The plea that the notice was insufficient in the sense that it did not give 15 clear days to the tenant to vacate or that the notice did not terminate the tenancy with the expiry of the month of the tenancy, has not been taken in the written statement. 8. Obviously for want of specific plea in the written statement, the trial Court has not framed any issue reflecting an objection to the validity or sufficiency of notice, the plea in the manner in which it is sought to be urged before us. The plea as to insufficiency of notice should be deemed to have been waived by the Appellant and cannot be allowed to be urged at this stage. No fault can be found with the judgment and decree of the High Court as also of the two Courts below upholding the termination of tenancy and the Plaintiff-Respondent's entitlement to evict the tenant. 14. The notice at best can be said to be not happily worded.

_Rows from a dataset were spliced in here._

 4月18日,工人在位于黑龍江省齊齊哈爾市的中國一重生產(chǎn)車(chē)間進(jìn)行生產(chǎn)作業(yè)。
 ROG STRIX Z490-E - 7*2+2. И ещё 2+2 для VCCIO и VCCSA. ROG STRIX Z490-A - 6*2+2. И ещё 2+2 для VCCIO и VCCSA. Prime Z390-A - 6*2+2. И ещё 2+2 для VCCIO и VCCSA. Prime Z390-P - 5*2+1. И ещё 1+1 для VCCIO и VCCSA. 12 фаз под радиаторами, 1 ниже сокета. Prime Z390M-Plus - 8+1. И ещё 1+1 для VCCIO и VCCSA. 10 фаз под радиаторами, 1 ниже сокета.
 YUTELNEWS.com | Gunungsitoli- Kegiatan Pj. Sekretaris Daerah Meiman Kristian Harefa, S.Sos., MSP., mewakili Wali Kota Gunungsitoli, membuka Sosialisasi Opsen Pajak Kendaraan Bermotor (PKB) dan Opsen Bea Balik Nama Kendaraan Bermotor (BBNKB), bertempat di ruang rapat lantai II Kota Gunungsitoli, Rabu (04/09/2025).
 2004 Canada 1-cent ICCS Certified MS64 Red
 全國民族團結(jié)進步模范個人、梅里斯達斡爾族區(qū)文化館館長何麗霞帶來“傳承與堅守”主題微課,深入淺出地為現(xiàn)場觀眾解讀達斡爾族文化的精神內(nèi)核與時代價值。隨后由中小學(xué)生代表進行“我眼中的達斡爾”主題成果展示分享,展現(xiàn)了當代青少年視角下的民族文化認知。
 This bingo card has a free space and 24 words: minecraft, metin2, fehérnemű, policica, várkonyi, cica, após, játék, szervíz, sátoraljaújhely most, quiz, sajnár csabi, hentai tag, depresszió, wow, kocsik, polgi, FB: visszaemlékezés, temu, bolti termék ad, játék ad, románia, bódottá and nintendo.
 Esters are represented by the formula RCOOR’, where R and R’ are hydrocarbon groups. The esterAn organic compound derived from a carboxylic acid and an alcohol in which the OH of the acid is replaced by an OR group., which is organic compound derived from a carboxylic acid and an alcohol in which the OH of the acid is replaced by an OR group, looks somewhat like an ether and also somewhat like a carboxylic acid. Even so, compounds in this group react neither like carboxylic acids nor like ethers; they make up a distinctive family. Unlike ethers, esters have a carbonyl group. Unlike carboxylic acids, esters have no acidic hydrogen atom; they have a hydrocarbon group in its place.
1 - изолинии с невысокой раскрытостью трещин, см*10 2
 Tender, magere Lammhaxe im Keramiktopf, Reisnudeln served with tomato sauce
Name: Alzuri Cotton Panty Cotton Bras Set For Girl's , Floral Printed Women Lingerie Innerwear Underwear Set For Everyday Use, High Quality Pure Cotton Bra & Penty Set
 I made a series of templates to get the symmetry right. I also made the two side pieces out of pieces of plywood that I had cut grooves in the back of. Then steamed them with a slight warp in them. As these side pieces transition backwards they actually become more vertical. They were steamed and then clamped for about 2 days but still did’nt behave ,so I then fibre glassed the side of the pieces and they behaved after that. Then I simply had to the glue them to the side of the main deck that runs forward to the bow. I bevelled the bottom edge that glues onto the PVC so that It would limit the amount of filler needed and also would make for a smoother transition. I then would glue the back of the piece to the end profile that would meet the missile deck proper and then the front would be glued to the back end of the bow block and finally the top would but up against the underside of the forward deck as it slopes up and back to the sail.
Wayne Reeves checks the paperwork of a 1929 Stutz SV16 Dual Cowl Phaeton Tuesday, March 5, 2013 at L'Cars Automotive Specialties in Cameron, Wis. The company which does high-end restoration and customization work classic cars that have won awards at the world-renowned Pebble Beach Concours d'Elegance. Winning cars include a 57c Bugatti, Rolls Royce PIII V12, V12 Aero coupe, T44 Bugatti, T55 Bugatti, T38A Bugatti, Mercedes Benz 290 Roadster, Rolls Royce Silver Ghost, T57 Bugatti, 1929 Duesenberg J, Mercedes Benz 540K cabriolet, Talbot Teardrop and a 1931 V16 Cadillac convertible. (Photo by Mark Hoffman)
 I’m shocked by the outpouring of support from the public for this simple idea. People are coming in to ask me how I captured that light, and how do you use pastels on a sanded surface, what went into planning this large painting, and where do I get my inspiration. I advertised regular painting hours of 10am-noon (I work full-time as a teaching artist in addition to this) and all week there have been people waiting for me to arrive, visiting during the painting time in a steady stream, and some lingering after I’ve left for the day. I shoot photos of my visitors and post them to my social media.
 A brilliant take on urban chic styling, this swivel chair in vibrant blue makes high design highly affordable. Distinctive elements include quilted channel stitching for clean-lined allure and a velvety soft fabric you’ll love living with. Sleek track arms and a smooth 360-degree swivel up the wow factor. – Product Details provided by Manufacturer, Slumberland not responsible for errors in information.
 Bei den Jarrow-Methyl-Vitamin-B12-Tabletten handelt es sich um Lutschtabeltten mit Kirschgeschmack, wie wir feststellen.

However, the intention is very clear and that is why more than 15 days clear time ending with the end of the tenancy month was given. 15. It also cannot be said that acceptance of rent subsequent to the issuance of notice determining the tenancy would amount to novation of contract rendering the suit to be infructuous. Ext. D.W. 1/A clearly states that the rent is accepted without prejudice to the proceedings pending between the parties. 16. The following case law cited by learned Senior counsel, is not being adverted to in view of the latest law laid down by the Apex Court as noticed hereinabove: Mangilal v. Sugan Chand Rathi (deceased) and after him his heirs and legal representative AIR 1965 SC 101, Yerrabhothula Krishna Murthy v. Addepalli Subba Rao AIR 1988 AP 193, Jagannath Karanani v. Sayed Abdul Wahed AIR 1962 Gau 148, B. Chitra Ramacharandas etc. v. National Remote Sensing Agency AIR 2001 AP 20, Dipak Kumar Ghosh v. Mrs. Mira Sen AIR 1987 SC 759, Raj Mal v. Bhim Sen 1998 (1) Shim L.C. 503, and Parwati Bai v. Radhika AIR 2003 SC 3995. 17. Hence, in my view, no question of law much less a substantial question of law arises for consideration as the question is no longer res integra. As such, the present appeal is dismissed. No costs.